= Kazu Iijima =

Japanese-American activist

Kazu Iijima (1918 - August 26, 2007) was a Japanese American activist and community organizer who was a co-founder of Asian Americans for Action and the United Asian Communities Center.

Born Kazuko Ikeda in California, she grew up in Oakland, and attended college at UC Berkeley. She encountered Marxist critiques of racism through her older sister and the Young Communist League at Berkeley, and became involved in radical politics. By 1938, Ikeda helped to form the Oakland Nisei Democratic Club to encourage more Niseis to take up radical responses to working class issues and racism. Ikeda was still living and working in the Bay Area when Japanese Americans on the west coast were subjected to incarceration under Executive Order 9066. She was first at Tanforan Assembly Center, and then Topaz concentration camp in Utah. She married Tak Iijima in Utah (he had been drafted into the US Army just before Pearl Harbor), and was released to move to Mississippi with him soon after.

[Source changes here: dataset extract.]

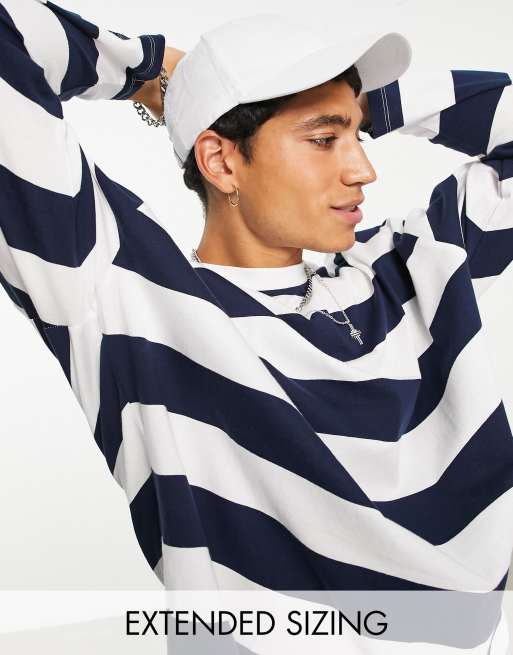 ASOS DESIGN – Marinblå och vit, långärmad oversize t- shirt med ränder

After the war, the couple settled in New York City, and began to raise a family. Although Iijima joined the Japanese American Committee for Democracy at that time, it wasn't until the late 1960s that she returned to organizing with the founding of Asian Americans for Action. Along with other Japanese American radicals like Yuri Kochiyama and Shizu "Minn" Matsuda, Iijima built the AAA as a platform for opposing the Vietnam War and for nurturing grassroots Asian American solidarity. The organization was notable as the first group to define itself as pan-Asian, multigenerational, and politically progressive. One of the first actions they took after forming in 1969 was to challenge the Japanese American Citizens League to take a stand against the Vietnam War. The group continued to evolve, changing its name in 1976 to Union of Activists to emphasize political struggle rather than identity, and finally breaking up in 1980 over irreconcilable internal differences.